By Mike Wackett (The Loadstar) – Athens-based non-operating containership owner Danaos Corporation said today it expected container trade demand would surpass supply growth next year.
During its third-quarter results presentation, chief executive John Coustas was bullish on the sector’s outlook, attributing the improving prospects to a combination of low orderbooks and the indirect windfalls for shipowners from the IMO’s 0.5% sulphur cap on marine fuel that comes into effect on 1 January.
“We are aligned with the shipping analyst reports, and our expectation is that container trade demand growth will outpace supply growth for the first time in almost 10 years,” said Dr Coustas.
He noted that the IMF was currently forecasting global GDP growth at 3.5% for next year, while analysts predict container trade expansion slightly higher, at 4%, compared with the growth in capacity, which is not expected to exceed 3%.
“Market participants, mainly liner companies, have generally remained reluctant to place newbuilding orders until the US-China trade talks are settled and the IMO regulations come into effect,” he said.
The lack of newbuild deliveries next year, together with the decrease in the containership fleet due to the retrofitting of scrubbers, would, according to Dr Coustas, continue to underpin the charter market next year.
NYSE-listed Danaos reported that the containership charter market had “strengthened considerably during the last six months”, particularly for vessels over 5,500 teu – albeit, it said, there had also been an improvement in charter rates for panamax vessels.
“Larger vessel classes have seen the greatest downtime (due to scrubber retrofitting) and we expect this to continue through 2020 and help to contribute to a healthy charter market.

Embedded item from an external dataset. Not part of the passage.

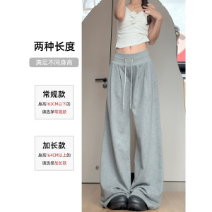 美式灰色运动裤女春秋季小个子宽松直筒休闲低腰阔腿长裤百搭卫裤

This coincides with improving underlying market demand supply fundaments,” said Danaos.
During Q3, Danaos operated an average of 55 ships, ranging from 2,200 teu to 13,100 teu, which were generally fixed long-term with liner shipping companies.
Fleet utilisation during the quarter stood at 98.7%, which compares with 97.4% for the same period the previous year.
Net income for Q3 was $37.9m from operating revenue of $111.8m, and $110.7m for the nine-month period from $337m of revenue. As at 30 September, the total contracted revenue covered by charter parties stood at $1.4bn.
As a consequence of improved daily hire rates, the asset value of Danaos’s fleet has increased from $1.1bn in January to $1.38bn, according to the latest data from vesselsvalue.com. As an example, the asset value of the 13,100 teu Maersk Exeter, on long-term charter to Maersk, has jumped from $75m to $85m.
In terms of adding ships to its fleet, on 2 October, Danaos completed the purchase of the 2005-built 8,100 teu Conti Champion from German shipowner Reederei NSB for a price of $25m. The vessel is expected to be delivered by the end of May and it is understood that a long-term charter has already been agreed with a major container line.